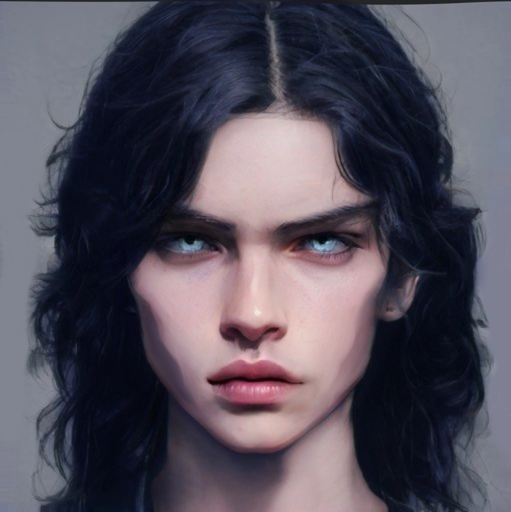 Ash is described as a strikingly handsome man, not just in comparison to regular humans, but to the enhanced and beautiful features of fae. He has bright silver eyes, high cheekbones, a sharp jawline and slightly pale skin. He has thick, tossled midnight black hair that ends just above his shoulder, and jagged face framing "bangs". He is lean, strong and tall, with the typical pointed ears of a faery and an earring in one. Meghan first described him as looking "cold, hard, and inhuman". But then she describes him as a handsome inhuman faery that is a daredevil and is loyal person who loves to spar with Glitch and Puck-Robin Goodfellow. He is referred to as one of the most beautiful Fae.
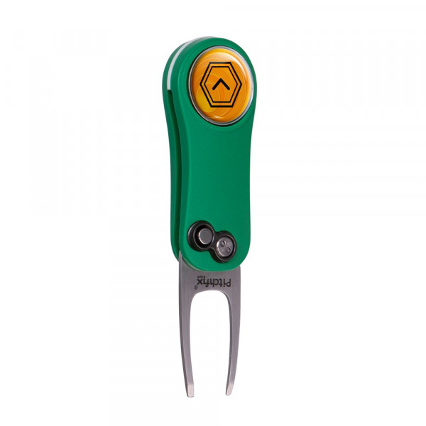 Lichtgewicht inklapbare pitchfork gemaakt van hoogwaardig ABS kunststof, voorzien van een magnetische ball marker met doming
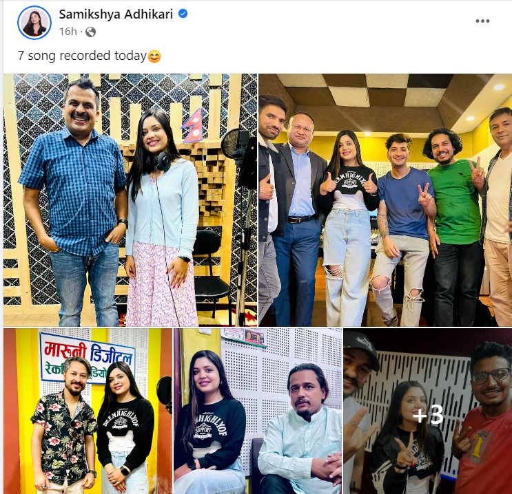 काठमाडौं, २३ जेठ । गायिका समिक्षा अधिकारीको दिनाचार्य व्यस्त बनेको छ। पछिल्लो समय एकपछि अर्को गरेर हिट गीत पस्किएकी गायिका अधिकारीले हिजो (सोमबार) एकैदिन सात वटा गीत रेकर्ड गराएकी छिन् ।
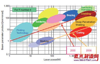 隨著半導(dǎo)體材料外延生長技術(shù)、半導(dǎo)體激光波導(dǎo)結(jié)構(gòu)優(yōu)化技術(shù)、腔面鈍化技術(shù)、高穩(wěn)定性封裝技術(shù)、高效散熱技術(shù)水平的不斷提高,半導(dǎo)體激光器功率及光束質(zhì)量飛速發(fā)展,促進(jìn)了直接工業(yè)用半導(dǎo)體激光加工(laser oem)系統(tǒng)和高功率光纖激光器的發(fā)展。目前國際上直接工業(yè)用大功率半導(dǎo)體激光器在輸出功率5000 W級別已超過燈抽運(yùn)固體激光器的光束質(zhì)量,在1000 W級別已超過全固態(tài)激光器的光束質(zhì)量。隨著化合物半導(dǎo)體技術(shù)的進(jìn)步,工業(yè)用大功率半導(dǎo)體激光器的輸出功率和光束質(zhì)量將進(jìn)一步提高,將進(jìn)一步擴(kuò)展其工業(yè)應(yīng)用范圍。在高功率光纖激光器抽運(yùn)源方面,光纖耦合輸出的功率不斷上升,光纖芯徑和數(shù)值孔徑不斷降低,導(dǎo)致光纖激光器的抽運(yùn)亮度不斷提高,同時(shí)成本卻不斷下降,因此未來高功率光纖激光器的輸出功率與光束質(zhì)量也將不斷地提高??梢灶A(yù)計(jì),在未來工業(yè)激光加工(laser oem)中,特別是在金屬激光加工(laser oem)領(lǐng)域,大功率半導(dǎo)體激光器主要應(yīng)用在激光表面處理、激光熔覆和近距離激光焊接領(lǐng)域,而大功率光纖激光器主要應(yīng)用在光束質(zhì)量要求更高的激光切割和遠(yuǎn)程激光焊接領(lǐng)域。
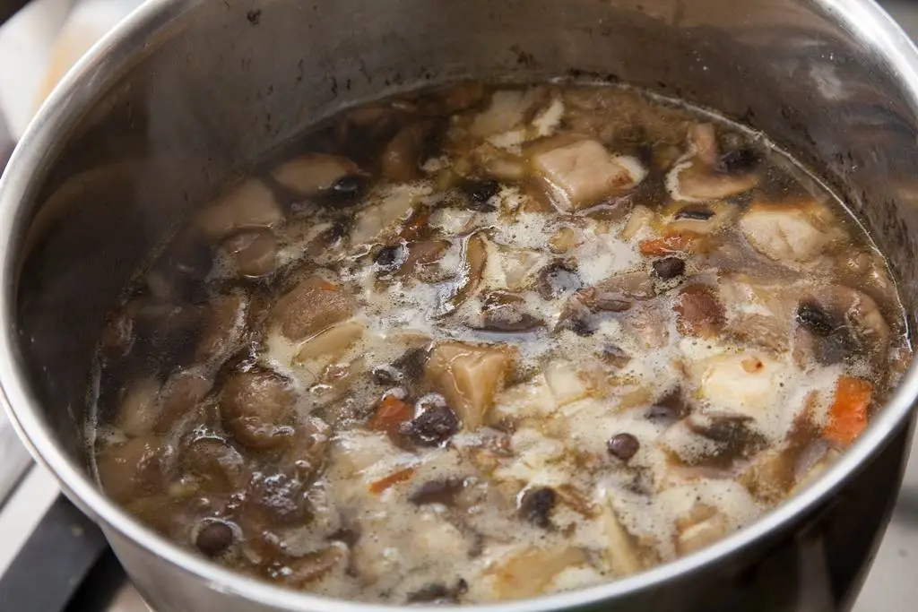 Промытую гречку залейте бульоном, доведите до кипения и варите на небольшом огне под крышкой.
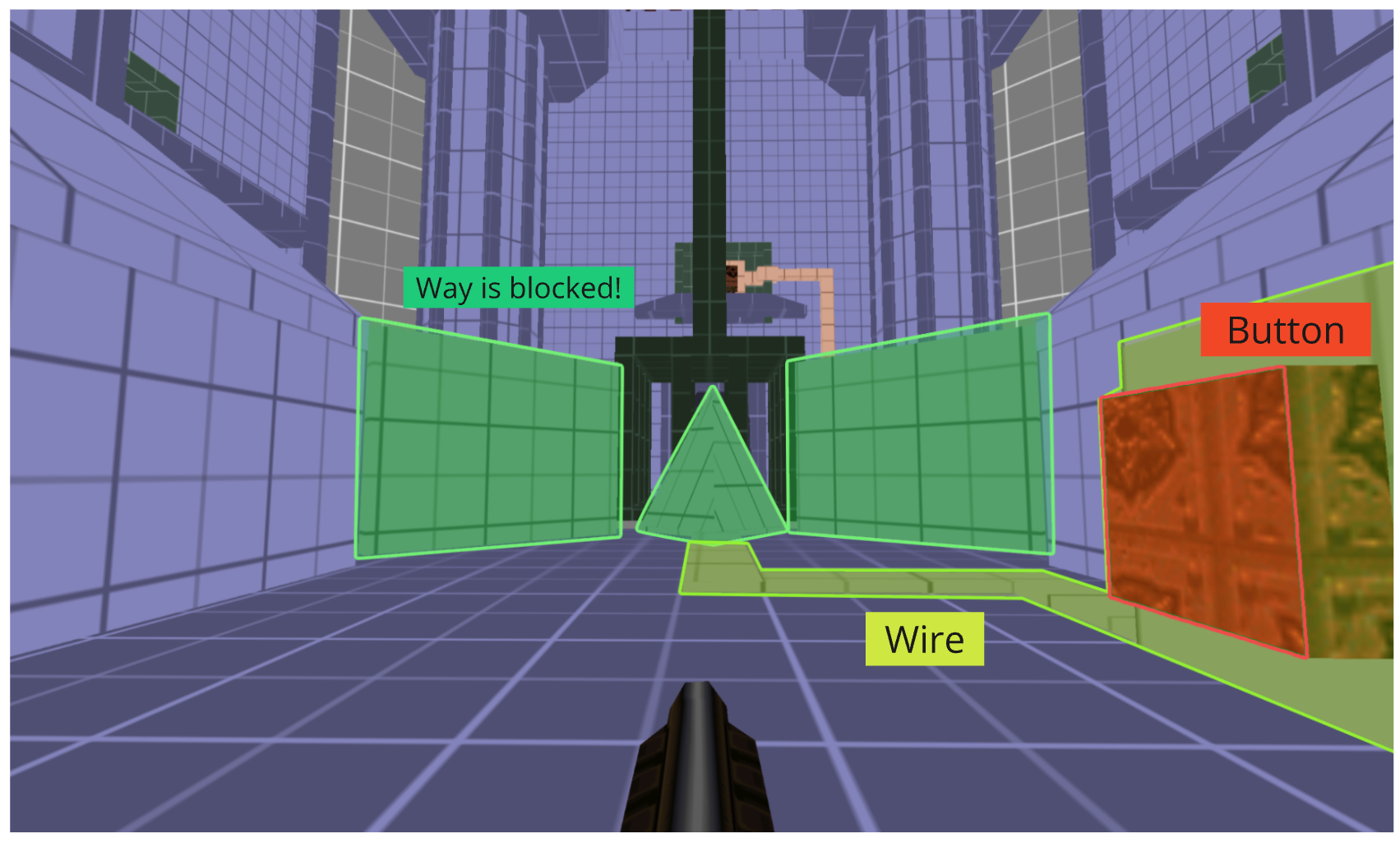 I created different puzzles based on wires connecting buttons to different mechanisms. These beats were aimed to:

***

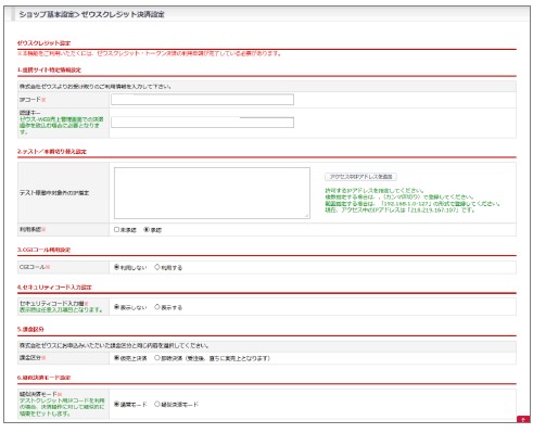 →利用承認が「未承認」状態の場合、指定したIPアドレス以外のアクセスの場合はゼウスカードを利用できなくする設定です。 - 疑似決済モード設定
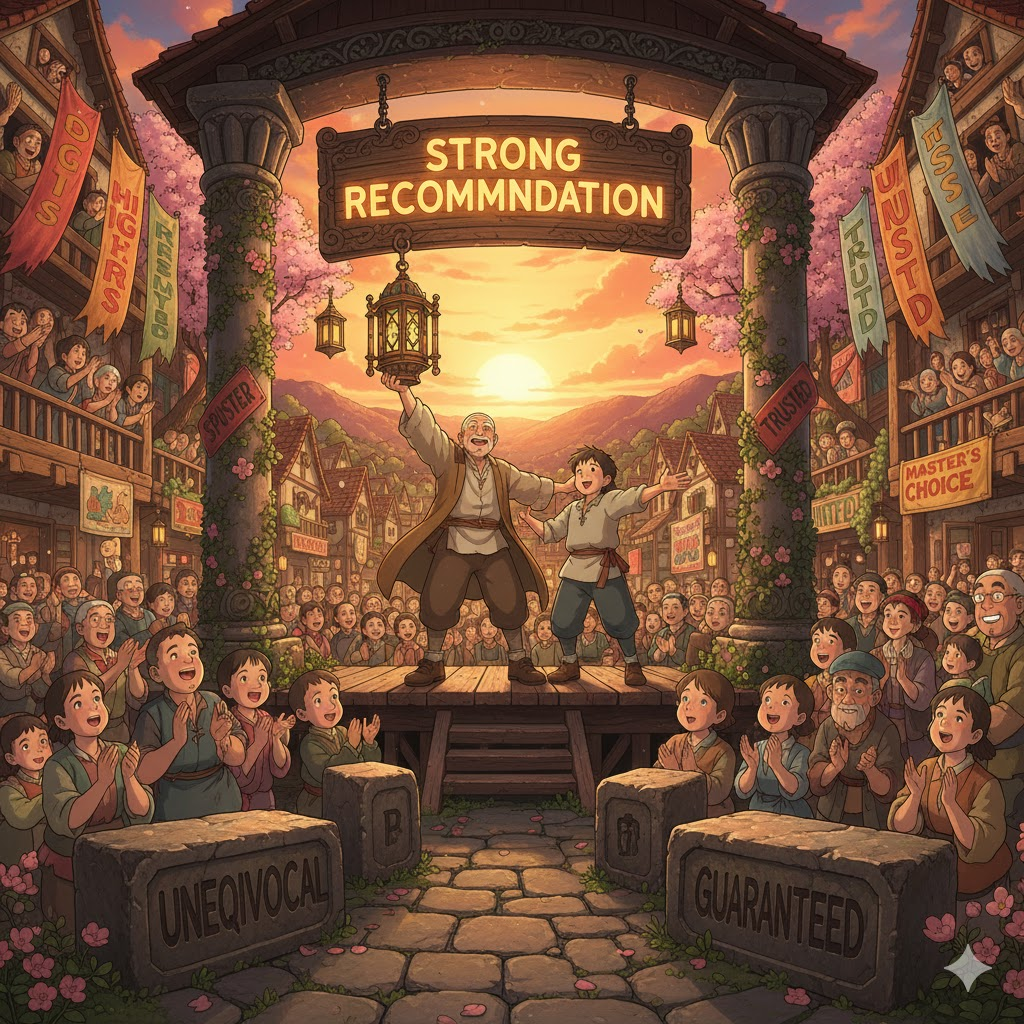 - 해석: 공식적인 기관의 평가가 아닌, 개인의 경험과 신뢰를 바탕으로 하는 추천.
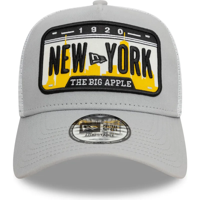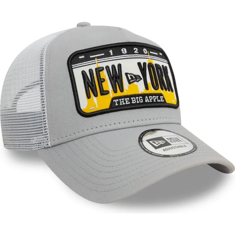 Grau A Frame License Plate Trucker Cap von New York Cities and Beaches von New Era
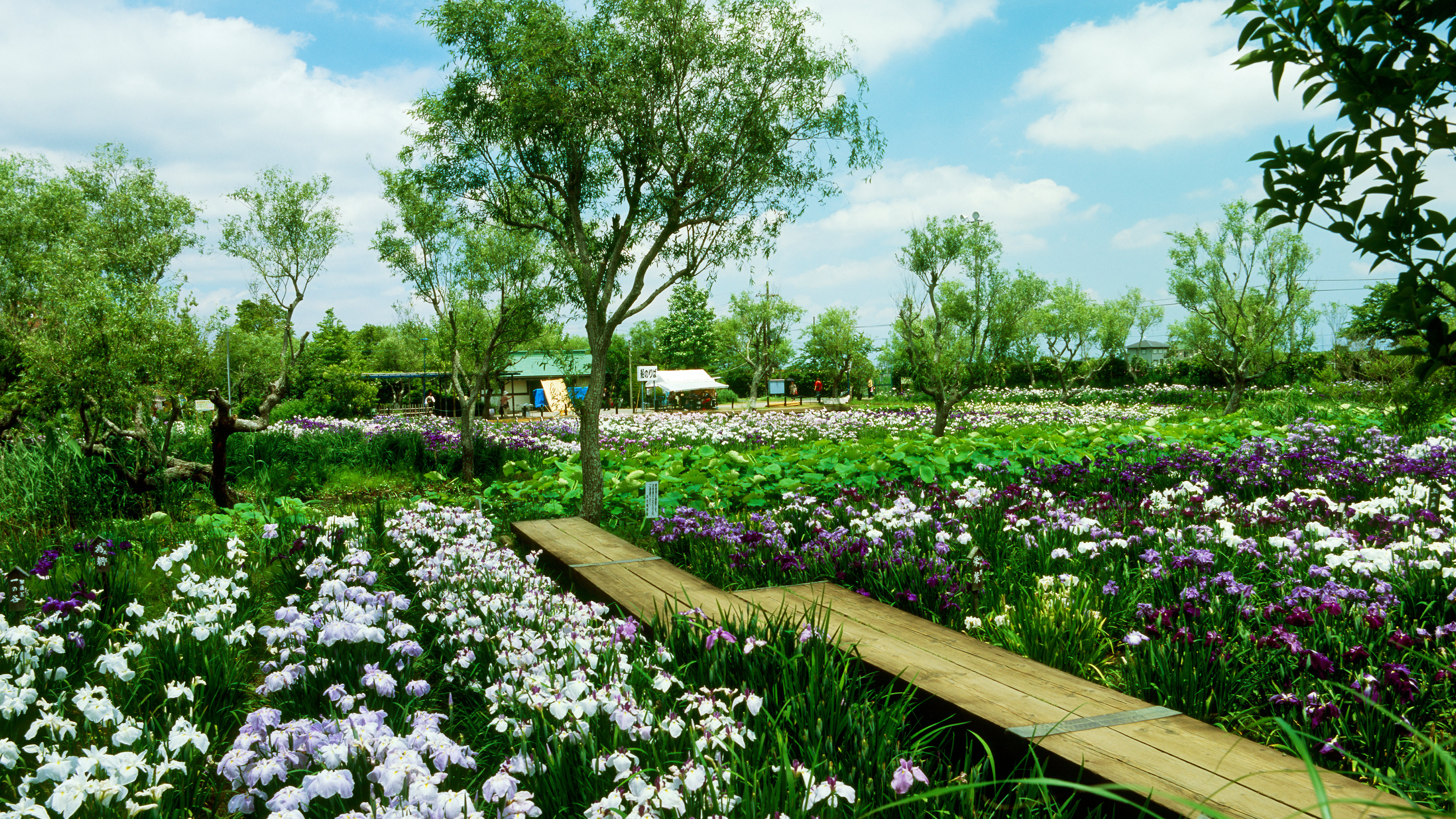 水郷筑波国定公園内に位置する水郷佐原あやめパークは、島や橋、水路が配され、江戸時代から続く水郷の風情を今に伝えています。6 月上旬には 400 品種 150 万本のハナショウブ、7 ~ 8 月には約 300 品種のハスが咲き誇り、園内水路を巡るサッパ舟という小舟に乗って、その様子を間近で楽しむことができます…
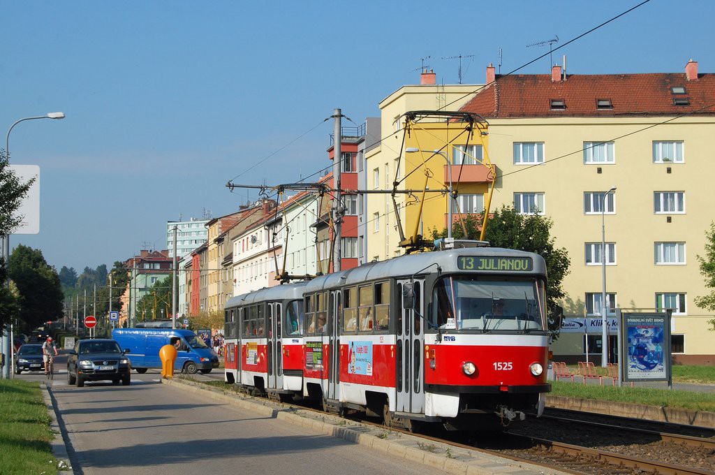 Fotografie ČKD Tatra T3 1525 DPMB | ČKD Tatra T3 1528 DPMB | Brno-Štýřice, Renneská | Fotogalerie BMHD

***

> [EXERCISE INSTRUCTIONS]
In the listing above, find the line containing "Grau A Frame" and the line containing "Fotografie ČKD Tatra"; print those lines and every line between them exactly, leaving out pictures.

> [SOLUTION TO THIS TASK]
 Grau A Frame License Plate Trucker Cap von New York Cities and Beaches von New Era
 水郷筑波国定公園内に位置する水郷佐原あやめパークは、島や橋、水路が配され、江戸時代から続く水郷の風情を今に伝えています。6 月上旬には 400 品種 150 万本のハナショウブ、7 ~ 8 月には約 300 品種のハスが咲き誇り、園内水路を巡るサッパ舟という小舟に乗って、その様子を間近で楽しむことができます…
 Fotografie ČKD Tatra T3 1525 DPMB | ČKD Tatra T3 1528 DPMB | Brno-Štýřice, Renneská | Fotogalerie BMHD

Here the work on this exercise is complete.